Best way to append vectors of various types


#1

lets say you have a list (in vector form, or a set or something) of N vectors and you want to concatenate all of them. However the vectors might have various lengths and types.

An efficient way to do this would be to find the length of the new vector first and allocate an empty version.

x = [rand(rand(1:5) for i in 1:10]
newvec = Vector{Float64}(sum(length(ix) for ix in x)))
... fill it in

But if you don’t know the types, what do you do? I was thinking of using reduce.

newvec = reduce(append!, x)

However I am guessing there is a better way. Is there?

For context, I am trying to work on DataFramesMeta’s transform(g::GroupedDataFrame, ...) function.

using DataFramesMeta
df = DataFrame(a = [1, 1, 2, 2], b = [4,5, missing, missing])
df2 = @linq df |>
    groupby(df, :a) |>
    transform(t = a - mean(a)) 

This will throw an error, because DataFramesMeta first allocates an empty array with the type of the first returned vector, for the first group. So it will create Vector{Float64} and throw an error when missings are added.

However I think this question applies more generally to a number contexts.


#2

Your code for the @linq operation seems broken. I guess you wanted:

df2 = @linq df |>
    groupby(:a) |>
    transform(t = :b .- mean(:b))

right? And it fails exactly for the reason you mention.

The way of concatenation you propose is most efficient AFAIK. And it is implemented in vcat (a bit differently in Base and in DataFrames - the difference is how common type is identified, in Base it is more standard and uses promote_type function).
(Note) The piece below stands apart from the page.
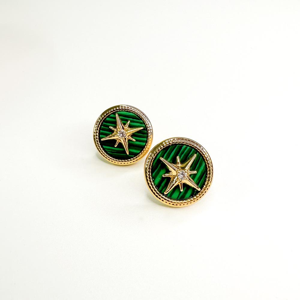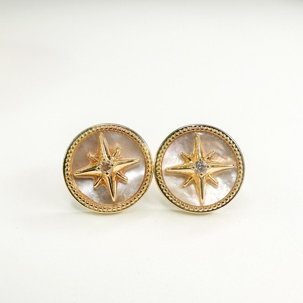 Material: Latón galvanizado, oro de 18 quilates, circonita, aguja de plata 925.

EDIT: actually here is a recent relevant issue https://github.com/JuliaStats/DataFramesMeta.jl/issues/98.


#3

yeah I’ve been exploring this issue.

Weirdly, I get type promotion errors in the DataFramesMeta approach but can’t replicate it elsewhere.

x = [[1.0, 2.0, 3.0], [missing, missing, missing]]
t = x -> x .+ 1
reduce(append!, t(ix) for ix in x) # no error

But when I have similar code in DataFramesMeta, it throws an error.

We can continue this discussion in the PR, but maybe someone has some insight on the source of the error.


#4

You could compute combined type, e.g.

using Compat # for julia 0.6
function joinvecs(X)
  T = mapreduce(eltype, promote_type, Union{}, X)
  Y = Vector{T}(undef, mapreduce(length, +, 0, X))
  i = 1
  for x in X
    copyto!(Y, i, x, firstindex(x), length(x))
    i += length(x)
  end
  return Y
end

(Alternatively, you could use typejoin instead of promote_type for the type computation, depending on what behavior you want.)


#5

Thanks, this definitely works.

I am also more confident now that my append! example above doesn’t work. Though I was sure it was working earlier.

I am going to search for this machinery in DataFrames and see if there is a function from there I can call.


#6

I would take a step back, and think about whether a Vector is the best data structure for heterogeneous collections. It is surely the most convenient, but if you have a large number of types, the speed of concatenation may be the least of your worries.

If you just have a small number of types that work with the Union optimization in v0.7, I would just leave it to vcat, and hope that implements the best solution (and if not, open an issue). In particular, if you are mixing T and Union{Missing,T}, the broadening of the type will just happen once, which is relatively low-cost.


#7

Ultimately I think this concatenation will be done on a generator, looping through subdataframes of a grouped dataframe.

Here is the relevant PR. I think I found some promote_type code in DataFrames to use that handles some edge cases better.


#8

Could you comment on the performance of that function you proposed? It seems to loop through the vector X a three times. Once for the types, a second for the length of x, and a third time to input the values themselves. Is that performant, or something to be avoided? Thanks.


#9

The cost of the first two loops should be negligible compared to the third (assuming the vectors have non-negligible lengths on average), because only the third loop over X also loops over the individual elements.


#10

Thanks!

assuming the vectors have non-negligible lengths on average

I’m not sure thats true in this context. I am imagining a dataset with 3 time periods per person and 1 million people, and you want to make a by-group variable without collapsing the dataset.

That said, I’m sure there are some optimizations to be done, and some benchmarking.